Top of Raw data

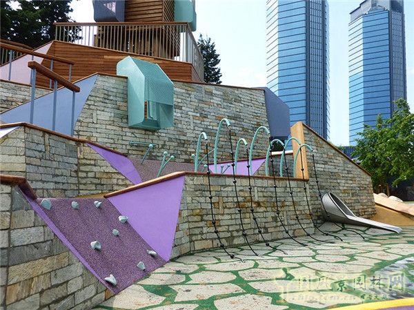 在深谷的周圍有一座“山脈”作為其布景。屹立于此的數(shù)面墻壁展現(xiàn)出了無(wú)限的游樂潛力,孩子們可以在此攀爬、賽跑、捉迷藏、滑滑梯等,也可由此俯瞰游樂場(chǎng)的其他區(qū)域。從整體來(lái)看,所有的墻壁又共同構(gòu)成了一塊巨大的布景,游客從不同的觀景角度可欣賞到迥異的形狀。這里簡(jiǎn)直就是探險(xiǎn)的圣地:錯(cuò)綜的隧道迷宮、大型的滑梯、“鳥巢”、瞭望臺(tái)、窄巷等等,不一而足。一旦進(jìn)入山脈中,孩子們就可探索發(fā)現(xiàn)不同的通往山頂?shù)牡缆贰;菀郎焦榷ǎB接起了游樂場(chǎng)中的兩個(gè)區(qū)域。
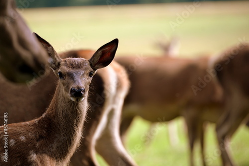 © Grubärin, Fototapeta premium im Schutze der Herde, Rotwildkalb zwischen weiblichen Tieren
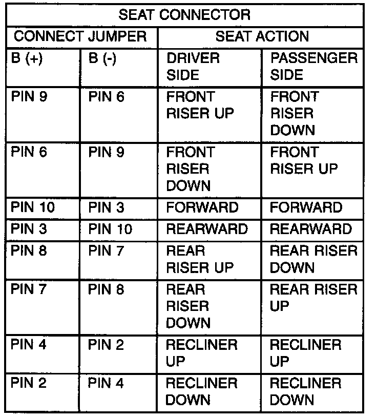 4. To test the seat motors and verify proper seat responses, refer to the Seat Motor Test table. Using two jumper wires, connect one to a battery supply and the second to a ground. Connect the other ends to the seat wire harness connector as described in the Seat Motor Test table.

Bottom of Raw data

→ Task goal:
Could you repeat all of the data exactly, minus the pictures?

→ Solution to this exercise:
 在深谷的周圍有一座“山脈”作為其布景。屹立于此的數(shù)面墻壁展現(xiàn)出了無(wú)限的游樂潛力,孩子們可以在此攀爬、賽跑、捉迷藏、滑滑梯等,也可由此俯瞰游樂場(chǎng)的其他區(qū)域。從整體來(lái)看,所有的墻壁又共同構(gòu)成了一塊巨大的布景,游客從不同的觀景角度可欣賞到迥異的形狀。這里簡(jiǎn)直就是探險(xiǎn)的圣地:錯(cuò)綜的隧道迷宮、大型的滑梯、“鳥巢”、瞭望臺(tái)、窄巷等等,不一而足。一旦進(jìn)入山脈中,孩子們就可探索發(fā)現(xiàn)不同的通往山頂?shù)牡缆贰;菀郎焦榷ǎB接起了游樂場(chǎng)中的兩個(gè)區(qū)域。
 © Grubärin, Fototapeta premium im Schutze der Herde, Rotwildkalb zwischen weiblichen Tieren
 4. To test the seat motors and verify proper seat responses, refer to the Seat Motor Test table. Using two jumper wires, connect one to a battery supply and the second to a ground. Connect the other ends to the seat wire harness connector as described in the Seat Motor Test table.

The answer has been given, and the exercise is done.